O Shopping não estava cheio. Era domingo e Deise caminhava lentamente observando as vitrines sem grande interesse. ‘Aff... ninguém merece esse tédio’ sussurra baixinho.
- Não acho que esta blusa ficará bem em você.
Assustada com a voz inesperada perto de seu ouvido Deise vira-se para trás e dá de cara com Lisa sorrindo. Volta o olhar para a vitrine rapidamente reparando a blusa em exposição e sorri. Era mesmo horrorosa.
- Com certeza que não. Estava só olhando.
Começam, como que em comum acordo a caminharem juntas. Deise, meio cautelosa e surpresa com a presença da loira que praticamente a ignorara a semana toda, a olha disfarçadamente. Lisa parecia cansada, com olheiras profundas.
- Está tudo bem Lisa?
- Tudo Deise – sorri, mas o mesmo não chega a seus olhos. Passa a mão nos belos cabelos e esfrega a testa. – na verdade nem tanto.
- Quer falar? Lisa olha Deise e para de caminhar. Gostava realmente dela. Passava algo de positivo, uma energia boa, suave, sincera.
- Gostaria sim. Que tal um lanche?
Já sentadas na praça de alimentação Deise pede um chope. Com certo enjôo Lisa torce o nariz e pede uma limonada suíça.
- Não quero por álcool na boca tão cedo.
- Hum... andou abusando?
- Abusando e ‘burrando’ muito por causa dele. Mas na verdade não é isso que realmente me aflige. – Poe a mão sobre o queixo e respira fundo. – Sabe quando você sabe que deve tomar certa atitude, mas não quer tomar por conta de um passado que ainda te atinge?

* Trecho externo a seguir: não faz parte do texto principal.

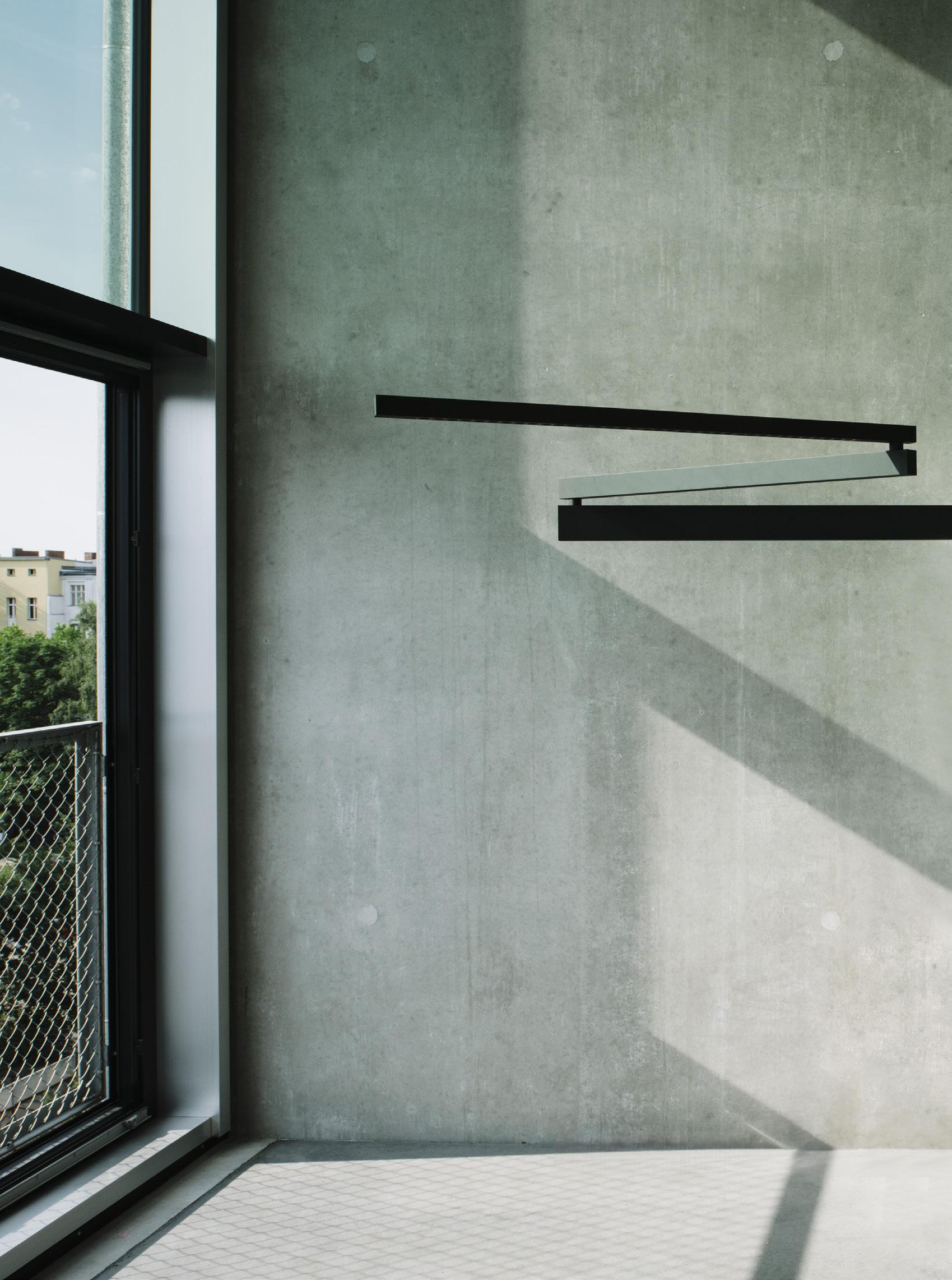 Berlin’s Kurfürstenstraße 142 is a communal living concept that redefines the idea of home for the 21st century. Inside, spaces merge, each double-height unit varying in size and interconnected with its neighbours. In this ecosystem of domestic architecture we test the possible applications of Black Flag, Konstantin Grcis’s latest design for Flos. An exercise in the way minimalism combined with technology reinvents functionality, Black Flag is an extendable wall light that offers flexibility of illumination thanks

- Hã? Bom... não entendi bem, mas... tem algo de seu passado que te incomoda é isso? Lisa observa Deise atentamente. Como a ruiva era bonita com seu rosto meio infantil e um corpo de mulher. Os olhos verdes estavam claros, profundos... sérios. Ela lembrava tanto alguém que Lisa chegava a sentir aperto no coração. Arregala os olhos e novamente encara Deise nos olhos. Ela lembrava... Mari!!!
- Meu Deus! – Põe a mão sobre a boca.
- Que foi Lisa? Parece que viu fantasma!
- Não... é que agora, só agora percebi quem você me lembra.
- Nossa! Deve ser alguém bem assustador pela sua cara.
- Pelo contrário. É alguém que amo muito. Na verdade é o meu problema.
- Cada vez mais confuso... e interessante. Toma um gole do chope e sorri – Fala mulher!! Não me mata de curiosidade.
- Ei!! Você é minha paciente. Modere o tom, diz rindo.
- Nunca fui sua paciente. E para sua informação nem o sou mais lá na clínica. Recebi alta na sexta, diz meio triste.
- Sério? Mas isso é muito bom.
- É... acho que sim. Minha mãe está toda feliz. Por ela iríamos hoje mesmo pro sul, mas temos que resolver ainda alguns problemas pendentes. Recebi a noticia sexta à tardinha.
- Hum... não fiquei sabendo.
- Foi a Doutora Luiza quem me chamou. Na verdade eu e ela conversamos um pouco a tarde. Um pouco depois ela mandou me chamar novamente junto com minha mãe. Disse que havia conversado com a equipe que me acompanhava e juntos concluíram que eu já estava apta a receber alta. Agora é comigo. – Deise a olha meio desamparada. – Foi tipo um choque sabe. Não esperava.
- Nem eu... Lisa a olha pensativa – nem eu Deise. Sobre o que conversaram à tarde? A ruiva a olha acuada e sente o rosto esquentar.
- Na verdade foi um pouco pessoal. Eu... falei de algumas duvidas minhas.
- Sobre? Deise toma todo o chope de uma vez.
- Sobre... bissexualidade. Acredita? Falei disso com aquela... amazona!
- Deise... falou do que aconteceu entre nós?
- Eu... eu... não lembro... acho que... não...
Lisa sente o rosto acalorar. Luiza sabia dela e Deise... sabia e planejara cada passo da noite anterior. ‘Vou eliminar aquela mulherzinha!’
- Lisa! Não falei nada que te comprometesse! Não fiz nada!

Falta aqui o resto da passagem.